The difficulties at the outset will, however, be considerable. For the long continuance of abuse has in some measure conformed the whole trade of the country to its false principle. To make a sudden change, therefore, might destroy the few advantages which attend any trade, without securing those which must flow from one established upon sound mercantile principles, whenever such a trade can be established. The fact is, that the forcible direction which the trade of India has had towards Europe, to the neglect, or rather to the total abandoning, of the Asiatic, has of itself tended to carry even the internal business from the native merchant. The revival of trade in the native hands is of absolute necessity; but your Committee is of opinion that it will rather be the effect of a regular progressive course of endeavors for that purpose than of any one regulation, however wisely conceived.
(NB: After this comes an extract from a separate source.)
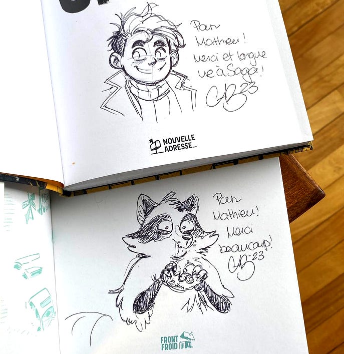 À travers le chaos de toute ça, j’ai passé le mois de janvier à organiser mon séjour à Angoulême, petite ville française qui accueille un gigantesque festival de BD depuis 51 ans. Le 23 janvier, on s’envolait moi, mes éditeurs et collègues chez Front Froid/Nouvelle Adresse et 60 auteurs canadiens, vers la France. Et quelle aventure ce fût, mes amis; imaginez des tentes grosses comme des Walmart pleines d’auteurs, de maisons d’édition et surtout, DE MONDE! 200 000 personnes envahissent la ville en l’espace de quatre jours; une chance je suis pas agoraphobe. J’ai trippé ma vie, j’ai vu pleins d’expositions, dont une sur la bouffe en BD (approprié), j’ai mangé 50 livres de fromage et de pain, j’ai rencontré un paquet d’auteurs, dont Zerocalcare (!!!), j’ai rit, j’ai été émue en voyant des planches originales de Franquin, Goscinny, Morris, Peyo, Hergé et j’ai monté et descendu beaucoup, beaucoup de pentes. Ce fût une expérience inoubliable et je me sens incroyablement privilégiée d’avoir pu assister au Festival d’Angoulême une fois dans ma vie, avec une si grande délégation canadienne. C’était ouf en esti.

After this examination into the condition of the trade and traders in the principal articles provided for the investment to Europe, your Committee proceeded to take into consideration those articles the produce of which, after sale in Bengal, is to form a part of the fund for the purchase of other articles of investment, or to make a part of it in kind. These are, 1st, Opium,—2ndly, Saltpetre,—and, 3rdly, Salt. These are all monopolized.
OPIUM.
The first of the internal authorized monopolies is that of opium. This drug, extracted from a species of the poppy, is of extensive consumption in most of the Eastern markets. The best is produced in the province of Bahar: in Bengal it is of an inferior sort, though of late it has been improved. This monopoly is to be traced to the very origin of our influence in Bengal. It is stated to have begun at Patna so early as the year 1761, but it received no considerable degree of strength or consistence until the year 1765, when the acquisition of the Duanne opened a wide field for all projects of this nature. It was then adopted and owned as a resource for persons in office,—was managed chiefly by the civil servants of the Patna factory, and for their own benefit. The policy was justified on the usual principles on which monopolies are supported, and on some peculiar to the commodity, to the nature of the trade, and to the state of the country: the security against adulteration; the prevention of the excessive home consumption of a pernicious drug; the stopping an excessive competition, which by an over-proportioned supply would at length destroy the market abroad; the inability of the cultivator to proceed in an expensive and precarious culture without a large advance of capital; and, lastly, the incapacity of private merchants to supply that capital on the feeble security of wretched farmers.